CVE-2024-1653 is a missing authorization vulnerability (CWE-862) identified in the Categorify – WordPress Media Library Category & File Manager plugin developed by frenify. The vulnerability exists in all versions up to and including 1.0.7.4. Specifically, the categorifyAjaxUpdateFolderPosition function lacks proper capability checks, allowing authenticated users with subscriber-level permissions or higher to update the folder positions of categories and modify metadata of other taxonomies within the WordPress media library. This flaw enables unauthorized modification of organizational data structures and metadata, potentially disrupting content categorization and management workflows. The vulnerability requires the attacker to be authenticated but does not require elevated privileges beyond subscriber level, nor does it require user interaction beyond login. The CVSS 3.1 base score is 4.3 (medium severity), with vector AV:N/AC:L/PR:L/UI:N/S:U/C:N/I:L/A:N indicating network exploitability, low attack complexity, low privileges required, no user interaction, unchanged scope, no confidentiality or availability impact, but integrity impact present. No patches or official fixes were linked at the time of reporting, and no known exploits have been observed in the wild. The vulnerability is relevant to any WordPress installation using the Categorify plugin, which is commonly used to enhance media library management by adding category and folder organization capabilities.

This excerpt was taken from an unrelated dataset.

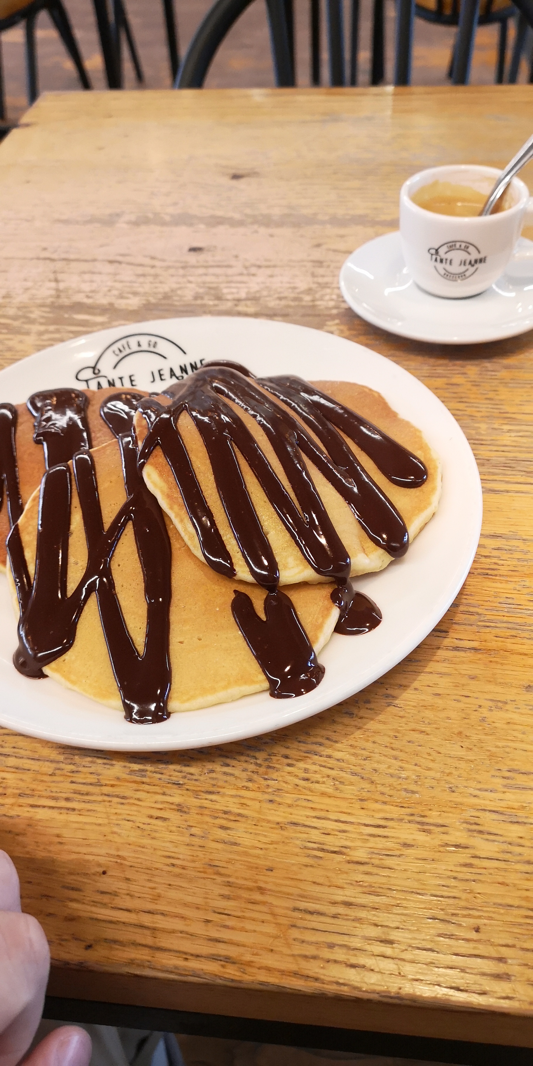 Le cadre est agréable et bien situé. La serveuse était agréable, de l'humour tout en restant poli. La table propre, le café est franchement bon. Les pancakes... X3 Bon ça cale bien, le chocolat maison n'est pas trop sucré un bon point.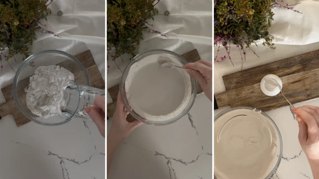 Keverd össze a Raysin öntőport a vízzel, a gyártó ajánlása szerint. Fontos, hogy ne keverd túl gyorsan. Ha túl intenzíven dolgozol, levegőt viszel bele, és buborékos lesz a felület. Én inkább lassan, türelmesen keverem, amíg krémes állagot nem kapok.

The primary impact of CVE-2024-1653 is unauthorized modification of media library folder positions and taxonomy metadata, which can degrade the integrity of content organization within WordPress sites. This can lead to confusion, misclassification of media assets, and potential disruption of workflows relying on accurate media categorization. Although the vulnerability does not expose confidential data or cause denial of service, it undermines data integrity and trustworthiness of the media management system. Attackers with subscriber-level access, which is a low privilege role often granted to registered users or commenters, can exploit this flaw, increasing the risk of insider threats or compromised accounts being leveraged for unauthorized changes. For organizations relying heavily on media categorization for content delivery, marketing, or e-commerce, this could result in operational inefficiencies or reputational damage. However, the lack of known exploits and the requirement for authenticated access limit the immediate widespread impact.

To mitigate CVE-2024-1653, organizations should first verify if they use the Categorify plugin and identify the installed version. Since no official patch links were provided at the time of disclosure, administrators should monitor the vendor’s website and WordPress plugin repository for updates addressing this vulnerability. In the interim, restrict subscriber-level user capabilities by hardening role permissions to prevent unauthorized access to media management functions. Employ WordPress security plugins that can enforce granular capability checks or block suspicious AJAX requests targeting categorifyAjaxUpdateFolderPosition. Implement multi-factor authentication (MFA) to reduce the risk of compromised low-privilege accounts. Regularly audit user roles and permissions to ensure only trusted users have subscriber or higher access. Additionally, monitor logs for unusual activity related to media library modifications. If feasible, temporarily disable or replace the Categorify plugin with alternative media management solutions until a secure version is available.